Fueron las damas las que más disfrutaron en las horas que los bretones permanecieron en Burgos. La condesa, que ya llevaba mucha alegría en su corazón porque, loores al señor Santiago, Lioneta había crecido un dedo, mandó al cochero dar una vuelta por la ciudad, e hizo bien pues ya no tuvo tiempo para nada más. En el recorrido admiró la alzada del castillo y el caserío que, al pie del mismo, formaba el llamado barrio de San Juan, pero más aún le gustó la rúa Mayor por donde transitaban carros y caballeros con dificultad pues estaba a rebosar de naturales y de peregrinos, cada uno con su esportilla y su bordón y, de la dicha calle, las dos tiendas que los monjes de Cárdena tenían arrendadas a unos menestrales, y de entrambas, una, la pañería en la que se vendían tejidos del Oriente. A más que tuvo suerte, o así lo consideró, pues que en el momento en que su carruaje se detenía ante la puerta, unos mercaderes judíos estaban descargando sus mercancías.

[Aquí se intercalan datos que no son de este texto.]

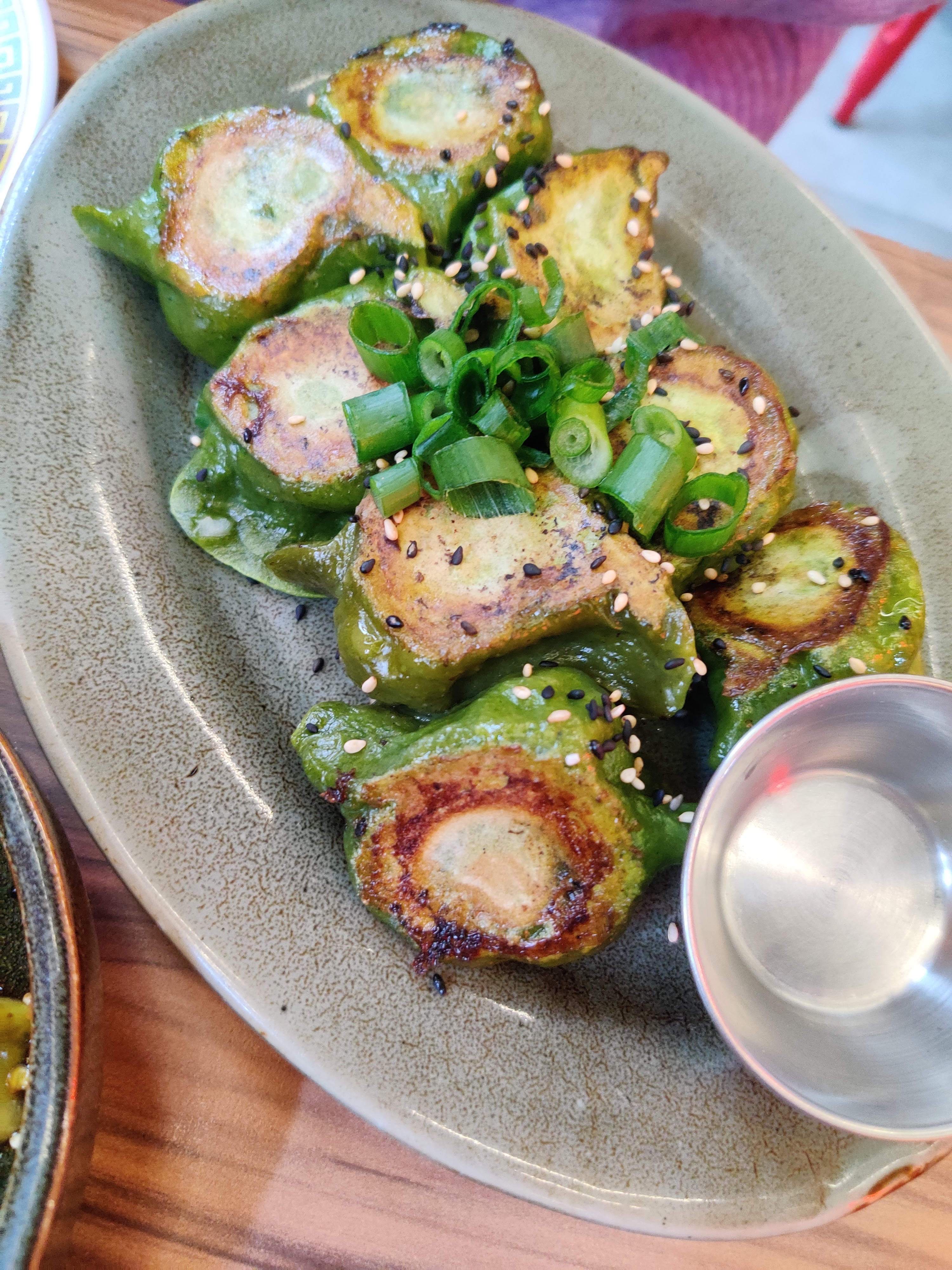 Pour un restaurant spécialisé sur les dumplings, et moi qui en raffole, c’est la déception 🥲 Nous avons pris un mix de chaque dumpling, et la plupart étaient fades + certains étaient cramés. Les sauces n’ont pas réussi a les agrémenter. En entrée, nous avons pris des concombres frappés, qui étaient corrects mais sans plus. Ne prenez pas de mochis en dessert, on dirait ceux achetés dans le commerce. Service correct, et salle super bien decorée !

No le cupo duda de que eran judíos por las luengas narices que lucían en sus rostros, bueno, más bien que deslucían, que afeaban los sus rostros, como constataron todas las bretonas mientras los veían descargar piezas y piezas de telas.
En el establecimiento fue atendida por el arrendatario y su mujer que extendieron en el mostrador lo nuevo que habían recibido: brocados, sedas de Alejandría y de Damasco, draps de Carcassonne, etcétera, a la par que le rogaban:
—Toque, la señora, el paño.
—Vea, vea qué telas, la señora.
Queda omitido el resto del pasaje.